En pubs, restaurantes y botillerías de la Avenida del Mar. En restaurantes del centro de La Serena y en el Barrio Inglés, en Coquimbo. Entregamos a domicilio y hacemos despachos a todo Chile.

 

¿Tienes en mente una nueva producción?

Siempre van surgiendo ideas y recetas. Mi objetivo es hacer una cerveza Pilsen. Esta es originaria de la República Checa y es una cerveza muy ligera. Este es un concepto que queremos rescatar.

 

EL VALOR DE LO PROPIO

 

¿Has solicitado apoyo estatal para tu emprendimiento?

Hasta la fecha no hemos postulado a ningún proyecto de financiamiento, porque no hemos querido. Eso sí, nos gustaría contar con un mayor apoyo del municipio. En agosto se realizó la Fiesta de la Cerveza en La Serena y ninguno de los productores cerveceros locales participó debido a los altos costos de arriendo de los puestos. De la experiencia que tengo de Europa, cuando se hacen estas fiestas solo participan cervezas locales, entonces me da mucha “lata” que las autoridades no se preocupen de potenciar nuestra labor que, además de dar identidad a la zona, también da trabajo a otras personas. Me gustaría que los municipios apoyasen a todos los cerveceros de la región porque acá se están elaborando muy buenas cervezas.

 

Pese a los inconvenientes, hoy ves los frutos de este emprendimiento

Hemos puesto todo nuestro esfuerzo para elaborar un buen producto. Llegamos a adquirir el conocimiento necesario para lograr este resultado y eso nos da la posibilidad de dar trabajo a otras personas, lo que es una tremenda satisfacción. Hace poco tuvimos en la planta unos migrantes de Haití que nos ayudaron con el envasado y etiquetado. Son personas súper trabajadoras y esforzadas y para mí es una manera de devolver la mano, porque también trabajé en el extranjero.

 

¿Qué otros proyectos tienen en mente para crecer?

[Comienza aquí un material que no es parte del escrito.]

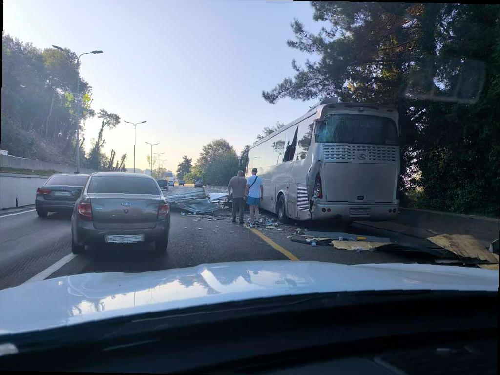 Сегодня утром на автодороге «Сочи – Адлер» случилось столкновение грузовой «Газели» и автобуса недалеко от Кудепсты, сообщает телеграм-канал «ДТП Сочи».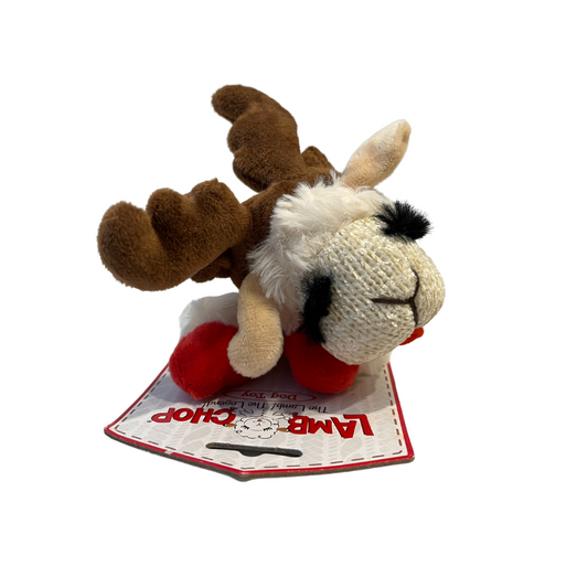 Multipet Holiday Lamb Chop Dog Toy with Antlers- 6"

Estamos creando un espacio de encuentro para que las personas que visiten la planta puedan degustar las cervezas. Queremos que esta sea una cervecería boutique, un lugar similar a los que se usan en Europa y que se conocen como Beer Garden o Jardín Cervecero.

 

¿Y apuntar a otros mercados?

Primero queremos posicionarnos en La Serena y Coquimbo antes de pensar en otras regiones del país. Todavía tenemos un largo camino para crecer en esta zona. Me contactaron de Polonia y del país vasco para que exporte mis cervezas. Estamos en proceso de envío de muestras y, luego, veremos como concretamos un negocio. 

 

“Hice un curso en Santiago, encargué libros en el extranjero y estudié por mi cuenta. Al igual que muchos maestros cerveceros chilenos, soy autodidacta”.

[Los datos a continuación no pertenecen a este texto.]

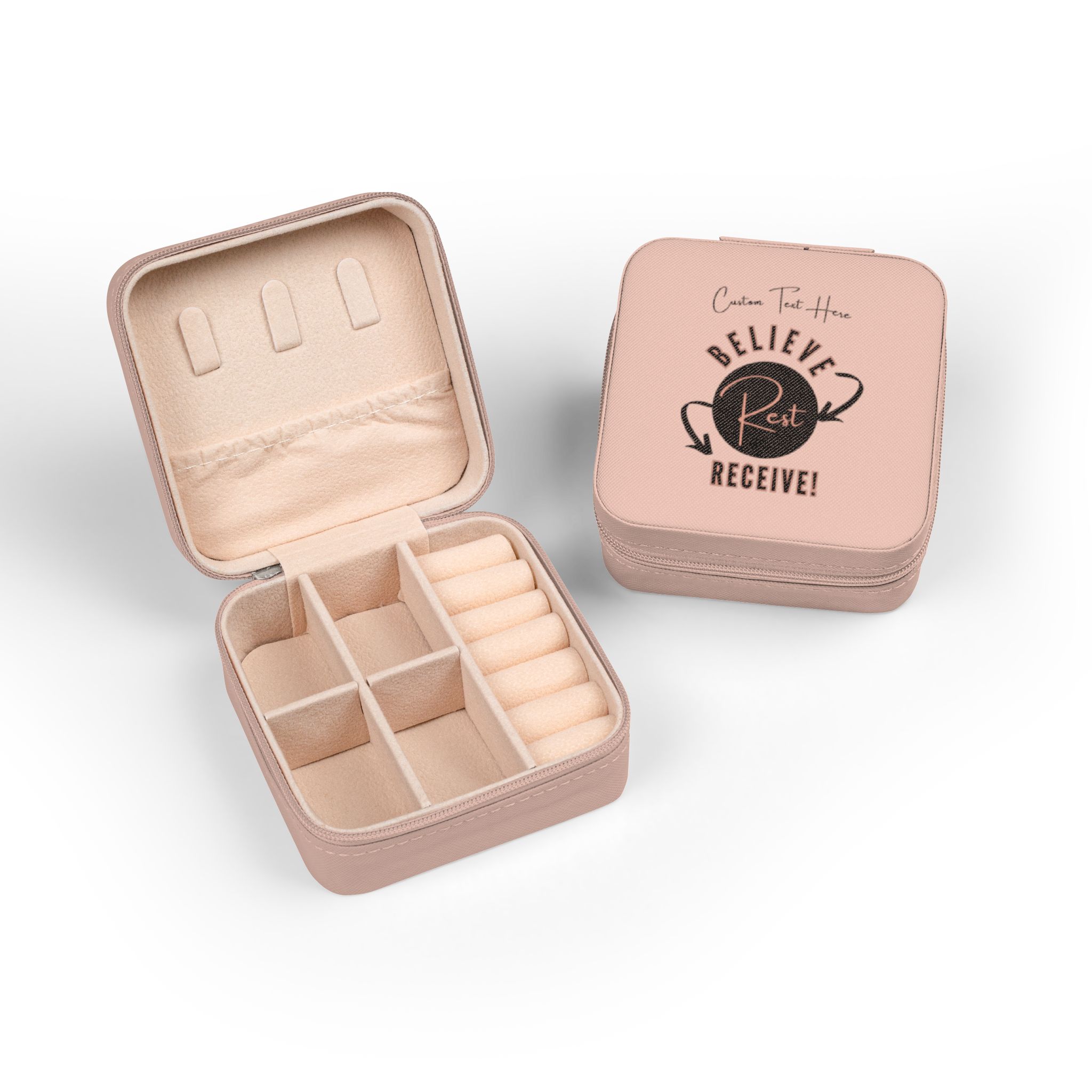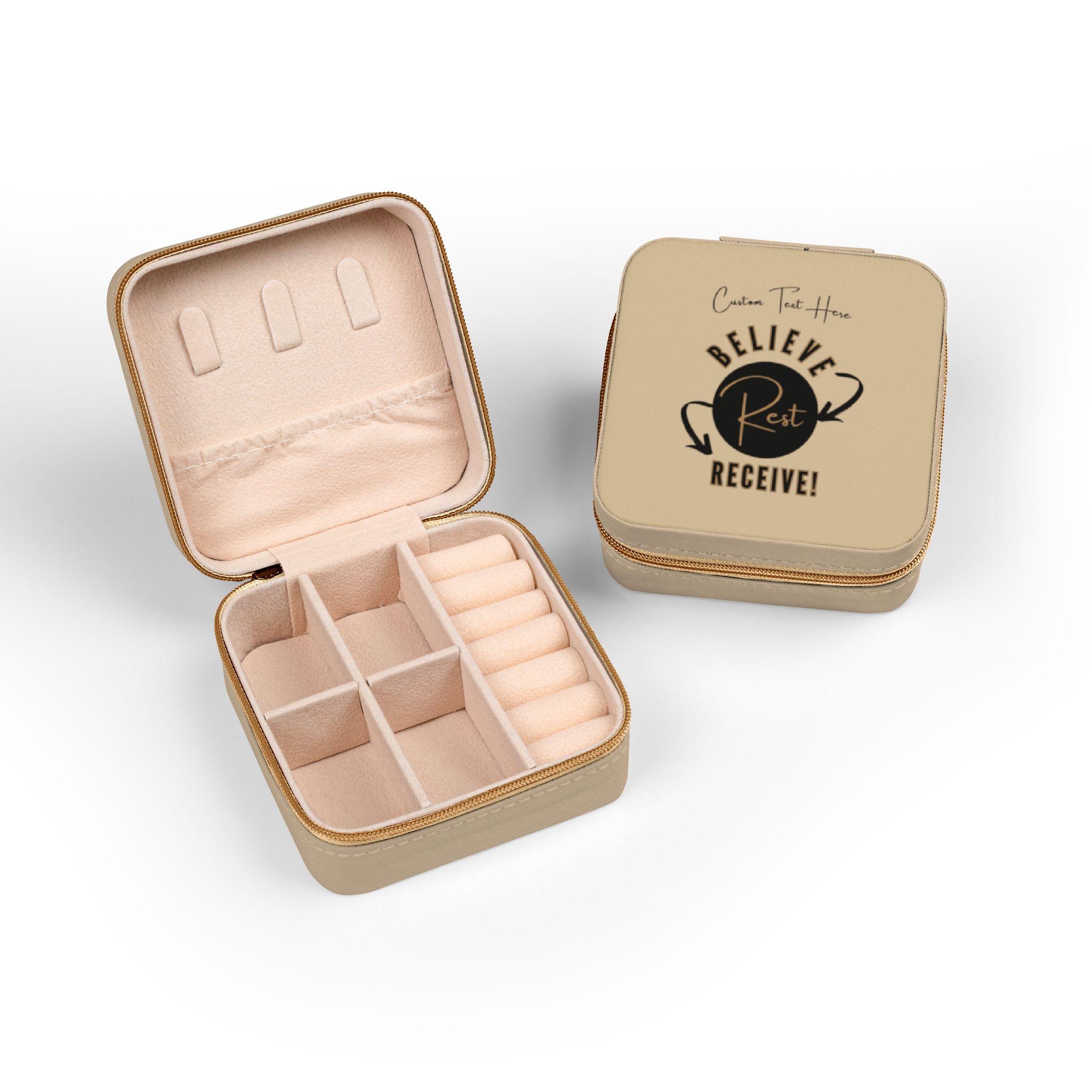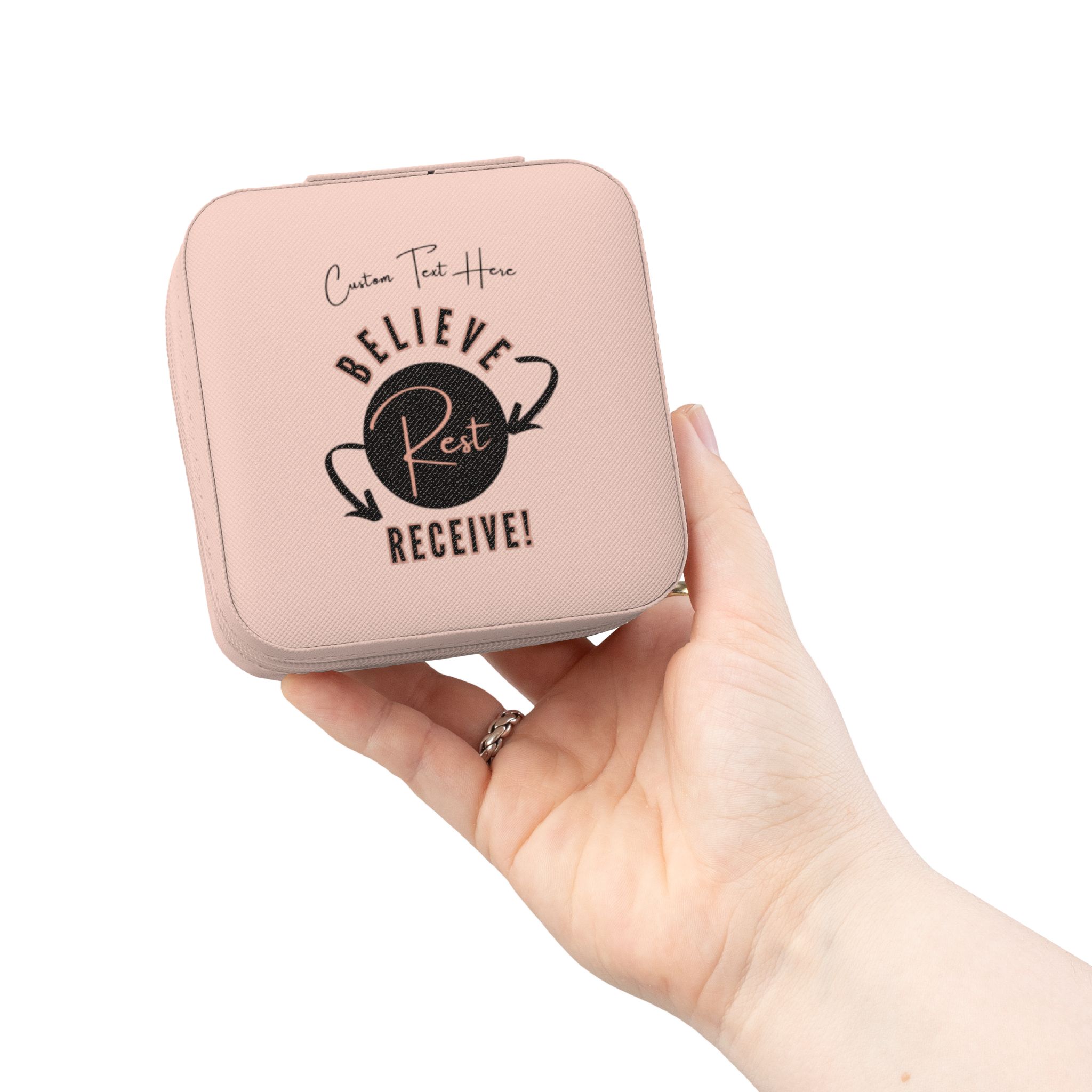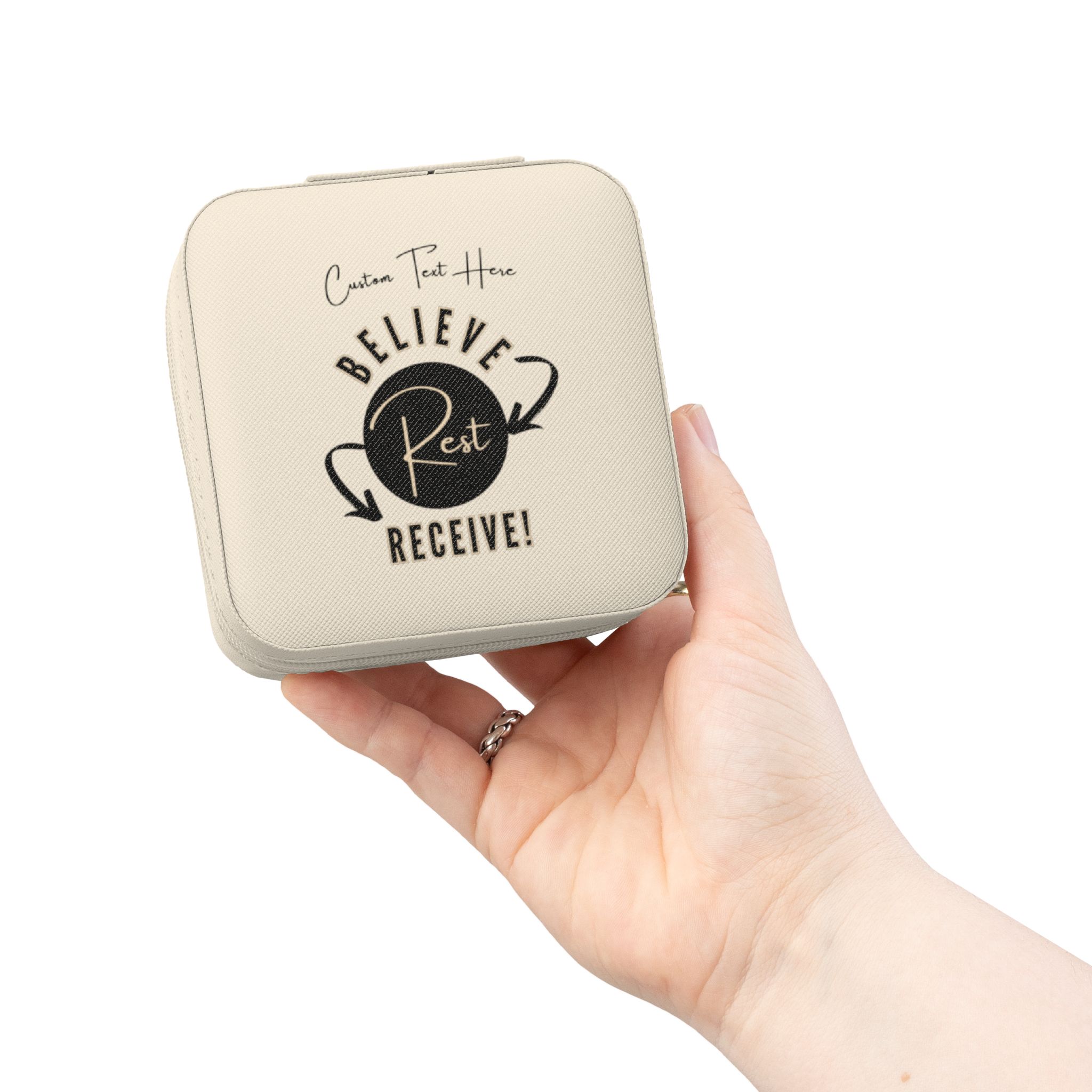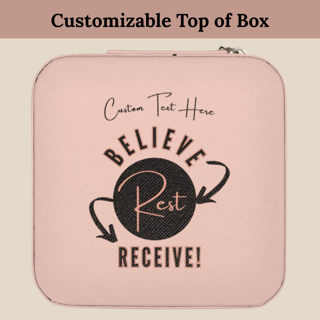 Organize Your Journey, One Step at a Time. This beautifully designed compact organizer features the “Believe • Rest • Receive” roadmap—a gentle guide for seasons of waiting, trusting, and embracing. It’s the perfect home for jewelry that tells the story of your faith walk.

“En la cerveza negra, que es la Stout, pusimos café de espino. Las vainas del espino tienen unas semillas y la molienda de estas se convirtió en la primera bebida caliente que consumían los diaguitas”.

“Me gustaría que los municipios apoyasen a todos los cerveceros de la región porque acá se están elaborando muy buenas cervezas”.

“Queremos que esta sea una cervecería boutique, un lugar similar a los que se usan en Europa y que se conocen como Beer Garden o Jardín Cervecero”.